In theory and I find it to be a good rule of thumb is to have your commands and events reflecting the intent of the user staying true to DDD. They should be modeled using ubiquitous language and part of the domain value of the application will reside on the commands and events. However if you manage to follow a more pragmatic approach you can avoid some serious impacts on the consumers of your events by understanding their different needs. Illustrating this on a simple example, if a given AddressStreetChanged event is published it clearly shows the intent of the user by changing the street of the address but how many of your listeners will need that information without for example the door number? To obtain it they have two options; either save the state of the address internally or ask the service that owns the data for the missing information. Both have dire consequences, the first you will have to worry about disk space, the extra effort of building that internal state and keeping it synchronized. Also in a micro service architecture several copies of the data of the original system will appear everywhere which is a nightmare to manage, especially if the schema changes. Regarding the second option, since the read model is eventually consistent it is possible to retrieve information that isn’t up to date with the event, i.e. the consumer can receive the event faster than the originating system’s read model. On the previous example if the consumer application needed to validate the address for example they could retrieve a stale address which might fail the validation. Depending on the use case this can be unacceptable and trigger some complex inconsistencies that are hard to trace.
The events can’t be too small, neither too large they have to be just right. Having the instinct to get it right requires an extensive knowledge of the system, business and consumer applications, it’s very easy to choose the wrong design.
Things are bound to go wrong no matter how detailed your quality assurance is, how much coverage there is on your unit tests or how many test cases your integration tests cover, they just control the level of wrong things go.

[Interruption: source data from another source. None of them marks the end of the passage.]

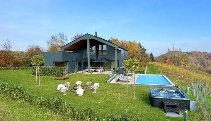 Auf einer Wohn- Nutzfläche von ca. 283m2, wurden neben den hochwertigen Materialien viele besondere Details, für außergewöhnliche Annehmlichkeiten verbaut. Im Erdgeschoss finden Sie 2 Schlafzimmer mit integrietem Badezimmer, einen großzügigen Eingangsbereich sowie einen gemütlichen Wohn-Ess- Küchenbereich mit offenem Kamin. Von dem Wohnbereich gelangen Sie direkt auf die traumhafte Terrasse mit Blick in die südsteirischen Weinberge. Im Obergeschoss finden Sie 2 weitere Schlaf- bzw. Gästezimmer, ebenfalls mit integrietem Badezimmer und ein WC. Im Untergeschoss ist die Technik und Heizung (Pellets, PV-Anlage mit 10kWp, Luftwärmepumpe) alles am neuesten Stand untergebracht. An trüben Tagen finden Sie Entspannung, im hauseigenen Weinkeller, im Heimkino oder auch in der Panorama Sauna mit beheizbarem Whirlpool. An sonnigen Tagen genießen Sie die traumhafte Poolanlage. In nur wenigen Minuten sind Sie mit dem Auto oder mit dem Fahrrad im Ortskern der Weinbaugemeinde Gamlitz oder an einem der unzähligen Buschenschänken. Für genaue Information stehen wir Ihnen nach einer schriftlichen Anfrage mit Ihren persönlichen Daten gerne zur Verfügung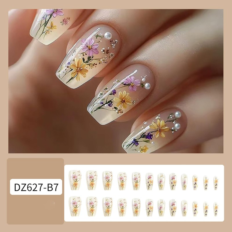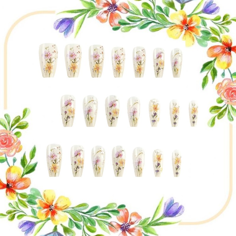 - Fake Nails Design: Our artificial nails use purple flowers , yellow flower, white pearl design, fashion and simple design style, give you spring feeling, pretty and comfortable press on nails will give you good mood and add luster to you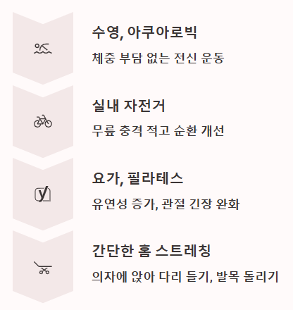 • 수영, 아쿠아로빅: 체중 부담 없이 전신 운동 가능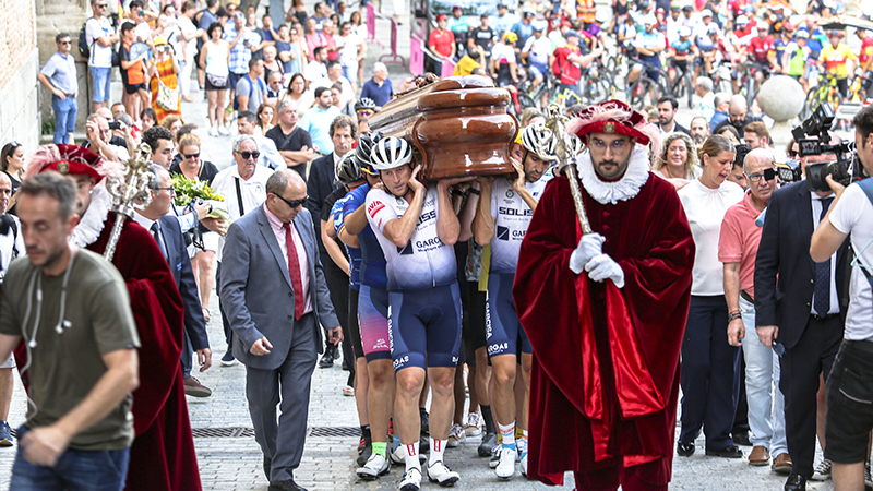 La comitiva fúnebre, custodiada por ciclistas que han querido acompañar al “Águila de Toledo” en su despedida, ha avanzado con dirección hacia el Ayuntamiento y se ha detenido en El Miradero, donde se encuentra la estatua en su honor.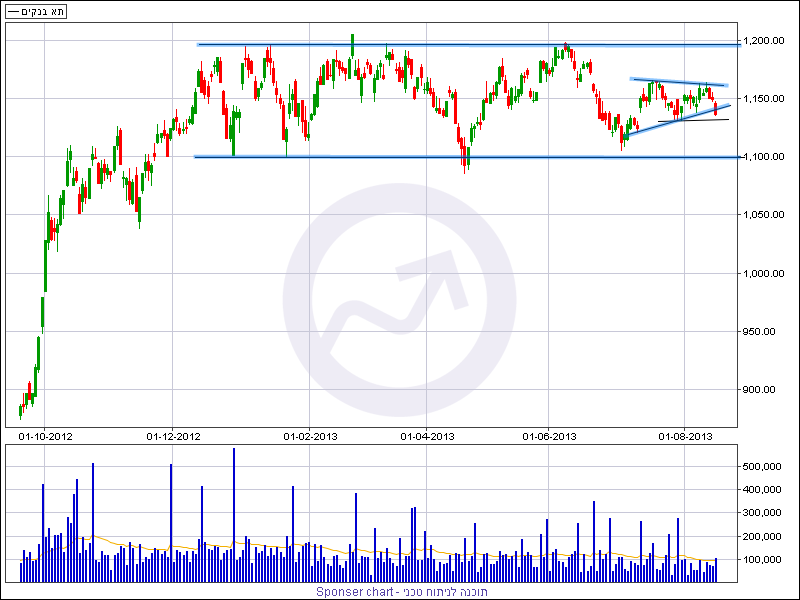 מדד הבנקים מסיים שבוע בתנועה שלילית עם שבירה של התכנסות מחירים לטווח הקצר, אישור לשבירה יתקבל סביב השפל האחרון סביב 1130 נקודות והיעד הוא לרמת התמיכה החשובה על הגרף סביב 1100 נקודות. חשוב להזכיר שהמדד זז כבר 8 חודשים בין 1100 ל 1200 נקודות והיציאה מהטווח הזה תהיה מאוד מהותית ועוצמתית בכיוונה.
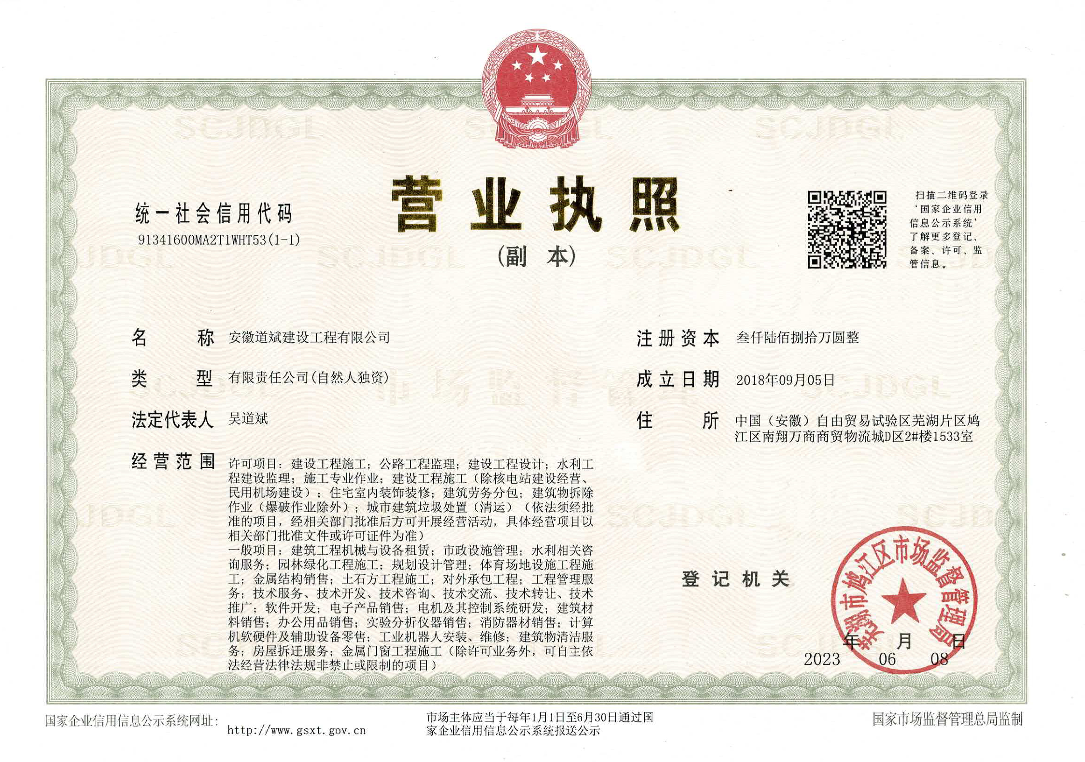 安徽道斌建設(shè)工程有限公司 版權(quán)所有 免責(zé)聲明 皖I(lǐng)CP備2021012659號-1 營業(yè)執(zhí)照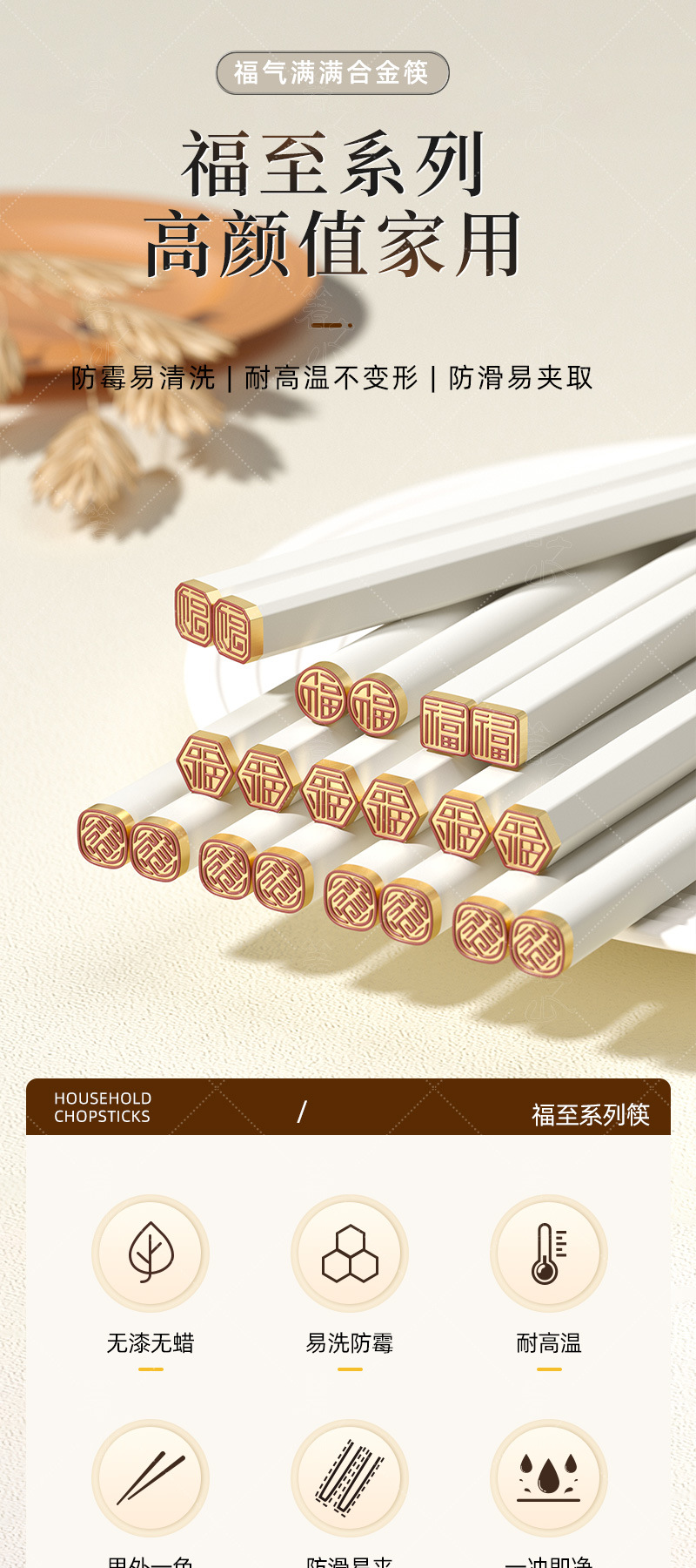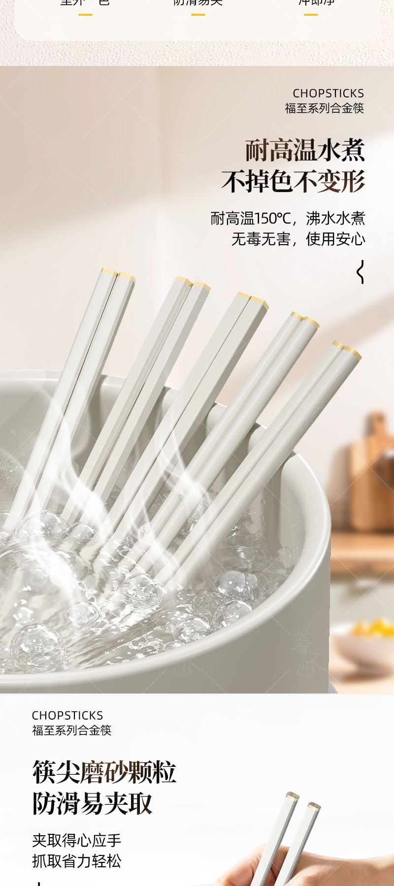 家用合金筷子简约防霉防滑耐高温家用一人一筷高档不变形高温餐具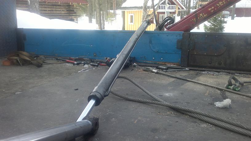 Aloittelin kunnostaan vanhaa RKP:n 2600 puutavarakuormainta. Välystä kertynyt sinne tänne ja vuotavia sylintereitä riittää. Ennestään korjattu koura sekä toisenpuolen tukijalan sylinteri. Nyt laitoin nostosylinterin. Kuormain on varustettu kahdella jatkolla. Hitaalla tyvijatkolla ja nopeammalla pikku jatkolla. Pikku jatkon purin tänään ja huollon puute tuli heti esille. Jatkopuomin kulutuspalat oli kuluneet pois aiheuttaen puomin kulumisen lähes puhki päästä. Lisäksi kun kulutus palat oli kuluneet pois pääsee jatko menemään niin liinkkuun että jatkon sylinteri oli mennyt mutkalle. Nyt pitää keksiä mistä uusi jatkopuomi. Taitaa ainoa vaihtoehtoettä korjata vanha uusimalla rautaa. Vai onko jossain joku seppä joka tekee tuollaisen kuuskulmaisen aisan??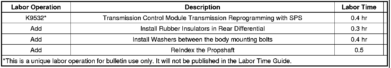 - DO NOT replace rear drive axle or propshaft for this concern.
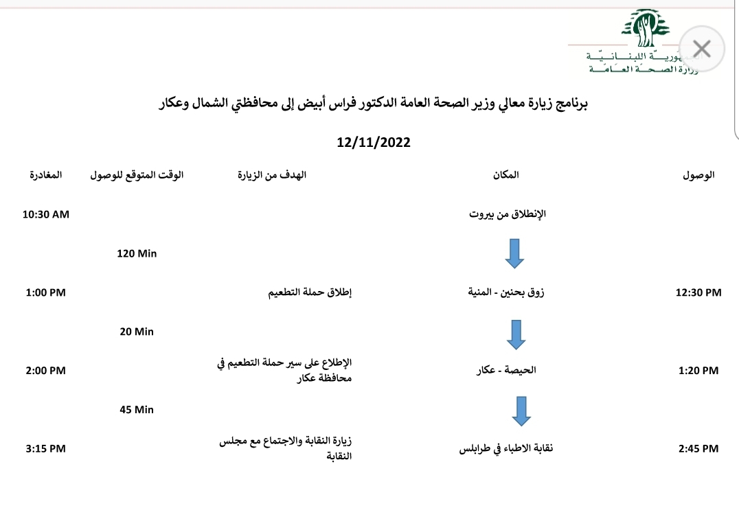 كذلك، يُطلق وزير الصحة في حكومة تصريف الأعمال فراس الأبيض المرحلة الأولى من الحملة الوطنية للتلقيح ضدّ الكوليرا يوم غد، خلال جولة ميدانية سيقوم بها إلى محافظتَي الشمال وعكار.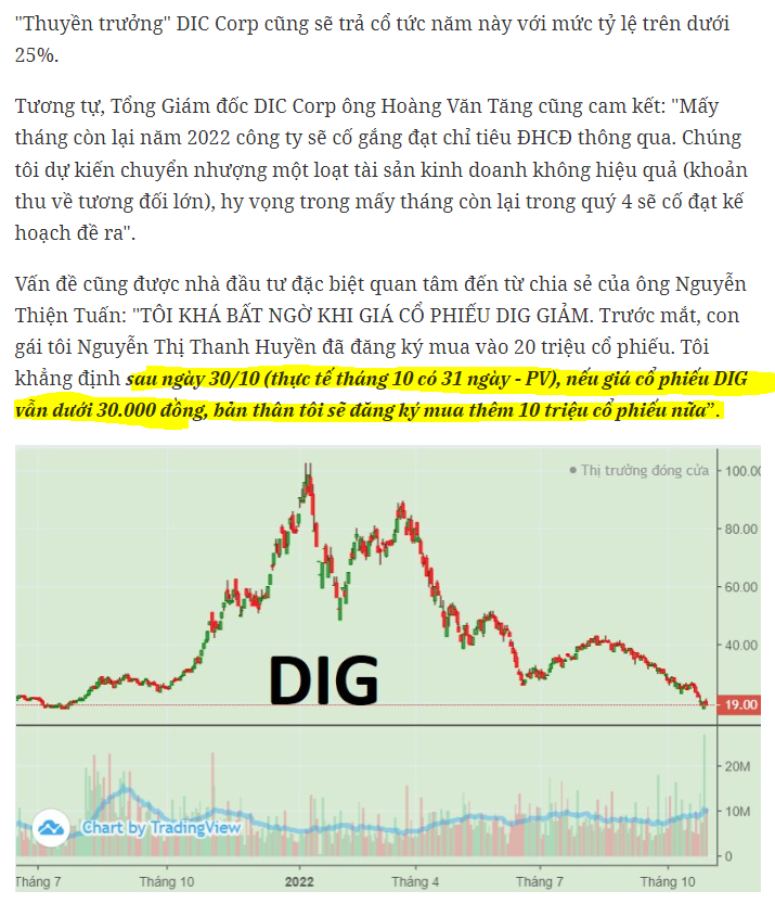 Câu hỏi chính của tuần sau là khi nào ông lãnh đạo có thông báo mua cổ phiếu? Việc mua là chắc chắn phải làm để giữ uy tín DIG. Và tuần sau là thời điểm duy nhất thích hợp.
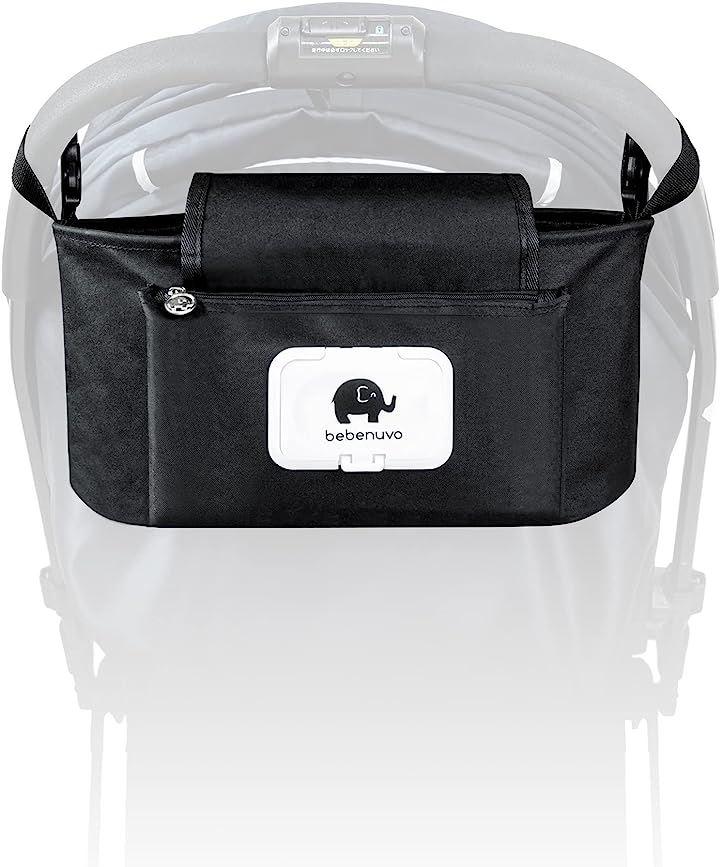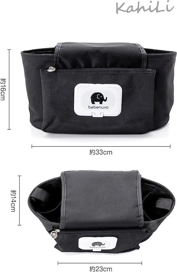「サイズ&カラー」ベビーカーバッグ:約縦14x横33x高さ16cm 重さ200gブラック。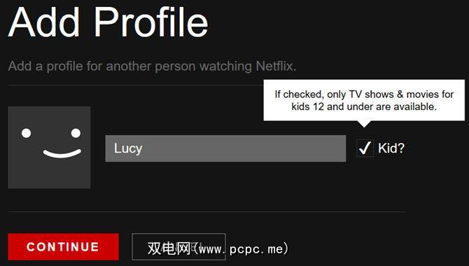 点击添加个人资料并输入一个名字。如果您选中孩子?旁边的复选框,则仅适用于12岁及以下儿童的电影和电视节目。完成后,点击 Continue (继续)按钮。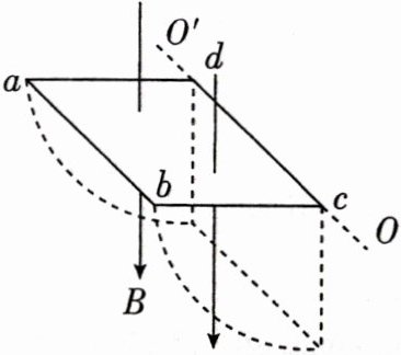 1.如图所示,可绕固定轴 $OO'$ 转动的正方形单匝金属线框的边长为 $L$,线框从水平位置由静止释放,经过时间 $t$ 到达竖直位置,此时 $ab$ 的速率为 $v$. 设线框始终处在方向竖直向下、磁感应强度为 $B$ 的匀强磁场中,求: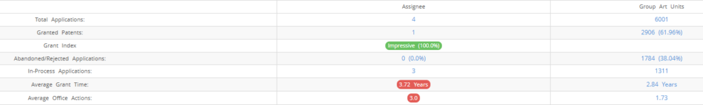 Diet4life (Excluding its subsidiaries) has filed 4 patent applications at USPTO so far (Excluding Design and PCT applications). Out of these 1 have been granted leading to a grant rate of 100%.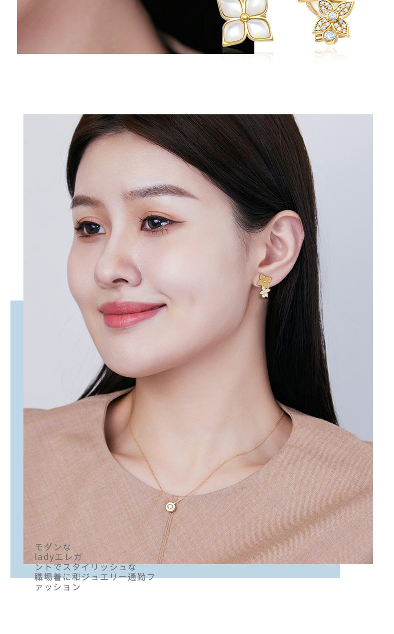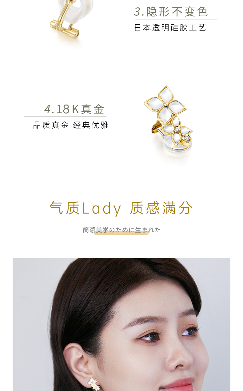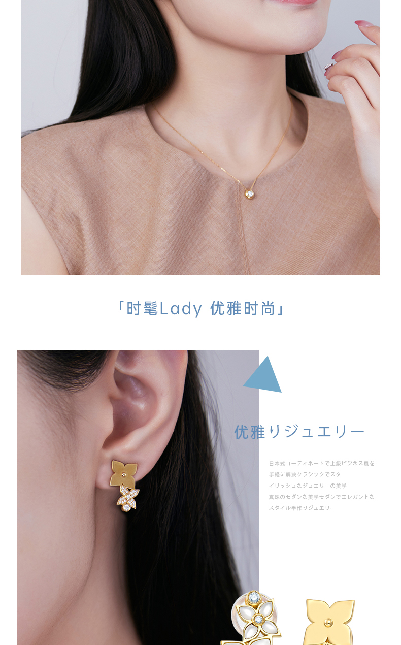 【天猫同款】悦甄 双蝶-18k金贝母钻石耳夹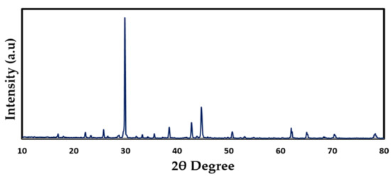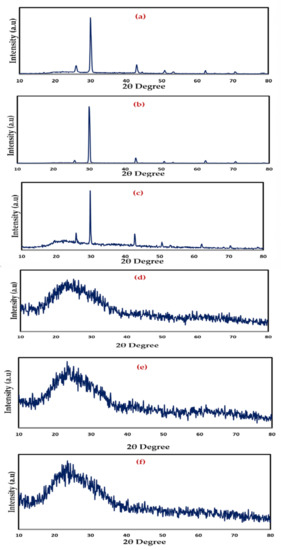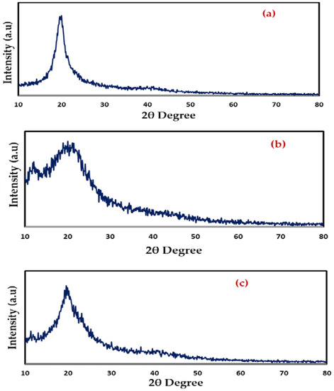 Figure 3 shows XRD results for room-temperature PVA, CS, and CS:PVA (a–c). In contrast to the semi-crystalline character of pure PVA (Figure 3a), the CS exhibits crystallinity maxima at some 2θdegree values (Figure 3b) [42]. Since OH groups are present everywhere throughout PVA and CS’s main chain, it is able to form strong inter- and intramolecular hydrogen bonds. Amorphous phases in PVA are responsible for the large peak at 2θ = 40.7° which is due to existing high water content [43]. The XRD pattern of CS: PVA (Figure 3c) revealed two hallows and smaller crystalline peaks in the current study. It is worth noting that, as the vast hallows demonstrate, CS: PVA is less crystalline than pure PVA or CS alone, and its structure is practically amorphous [44,45]. According to previous research, the amorphous structure of PEs is linked to large diffraction peaks [46].

Either by a bug or by human mistake, now and then it’s always required to do a manual correction, someone has to run a SQL script or shuffle around some data. Usually there is a support team in charge of this and they need the flexibility to fix something on the moment. On a traditional data store a simple update will suffice. However the events in a event store are immutable and can’t be deleted, to undo an action means sending the command with the opposite action. It is harder to affect multiple entities and requires a knowledge of the system, not like SQL that everyone knows. Overall these operations aren’t easy to do without some kind of tool prepared beforehand and make these operations more complex and error prone, making it hard and complex for the team supporting these problems to do their job.
Wrapping it up
CQRS and event sourcing are a mischievous lover, if you know their inner needs better than themselves they will be everything you ever wanted. Otherwise they will make your life a living hell.
They have their limitations as everything in life. By knowing their limitations will empower you to make them truly shine.